Others are prepared to return to the frontbench on the grounds that it is their duty to be a voice for the 9 million people who voted Labour at the last election and to provide an opposition to the Tories. Yet many say they will only do so if the parliamentary party is allowed to elect at least some of the frontbench. That would give them a way of returning on their terms and with at least some shreds of dignity. Mr Corbyn’s circle sound extremely resistant to that. From their point of view, they have good reasons not to accept the demand. They don’t see why he should agree to elections that would surround him with hostiles in his top team.
Nor do they see why he should concede to the demands of the parliamentary party when he has just seen off its attempt to unseat him. The general emollience of his victory speech had a streak of menace when he warned Labour MPs “to respect the democratic choice that has been made”.
With or without shadow cabinet elections, a lot of senior Labour figures will not serve in his team anyway. They say they cannot bite their tongues for long when, as they see it, the Labour party they love is being destroyed. They ask how it is possible to sit on Mr Corbyn’s frontbench when 172 of them have publicly declared him unfit to be leader of the opposition.

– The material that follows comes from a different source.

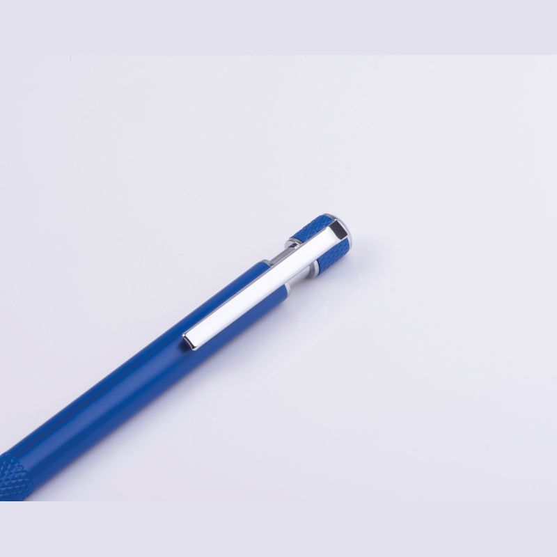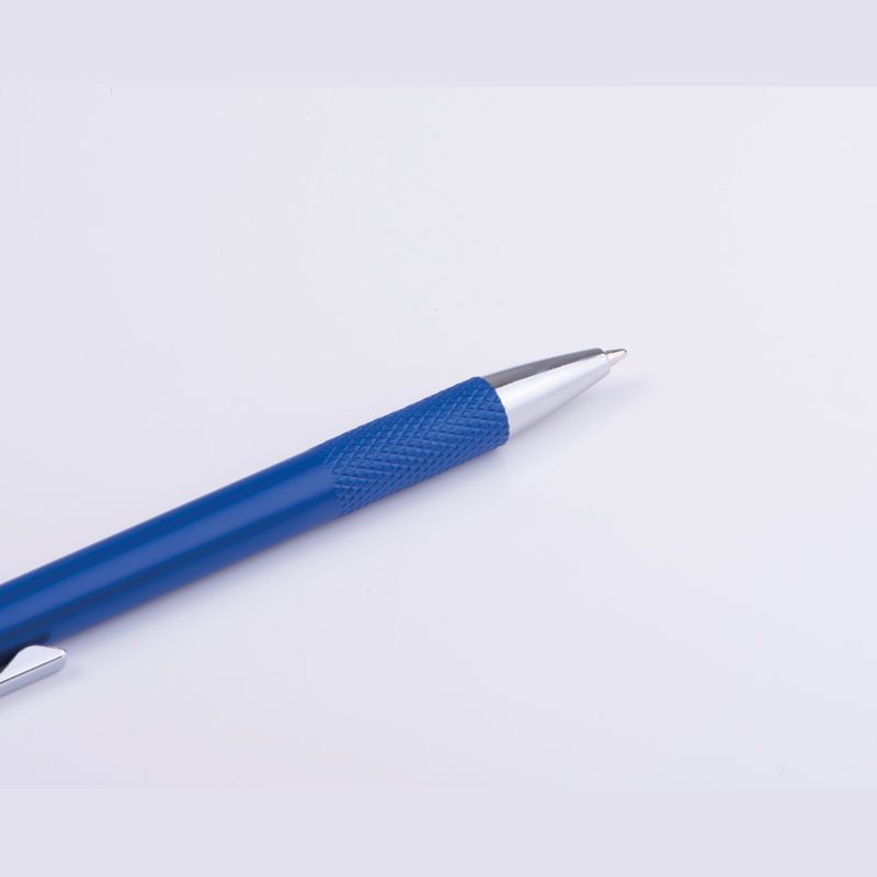 Guľôčkové pero vyrobené z recyklovaného hliníka so vzorovaným úchopom, tlačidlovým mechanizmom a modrou náplňou.
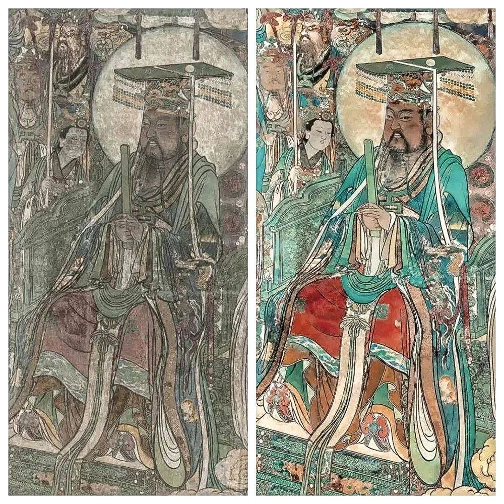 《朝元图》中玉皇大帝的AI修复前后对比图

One thing they will now have time to ponder on is why their advice was rejected by the party. It might be convenient for moderate Labour MPs to blame the failure of the challenge entirely on the flaws of the challenger, but it would also be wrong. What the last three months have exposed again are fundamental weaknesses on the centre-left. Labour MPs often express dismay at Mr Corbyn’s claims to be building a “social movement” superior to his parliamentary party. They mock it as the politics of protest and a betrayal of Labour’s founding purpose, set out in Clause I of the party constitution, to aim for power. The former frontbencher Tristram Hunt wittily despairs that his party is becoming “the political wing of the Stop the War coalition”. They are right to say that there is a big difference between rousing rallies of the already converted and the harder challenge of moving enough of the wider population into your column to win a general election.
Sound as that analysis might be, you can see why Team Corbyn are not receptive to lectures about electability from critics who can’t win – can’t get anywhere near winning – an election in the Labour party. Comprehensively out-organised by Team Corbyn and their union backers in last year’s contest, the anti-Corbynites vowed to do much better this time. They have developed some infrastructure in the form of the groups Labour Tomorrow and Saving Labour. The latter claims to have signed up 120,000 new members. But the result speaks for itself. Momentum out-recruited and out-organised them. Labour has now become the largest political party in western Europe. That may say nothing about its capacity to win a general election under its current leadership, but it does say something.
Love him or loathe him, Mr Corbyn – or what he represents – is capable of attracting and enthusing support. If they are ever to get their party back, his opponents will have to do the same. And they will have to offer a more enticing prospectus than begging people to join Labour to save the party from itself. They have again failed to beat Jeremy Corbyn. Perhaps the best thing Labour moderates could do now, strange as this may seem, is to try to learn from him.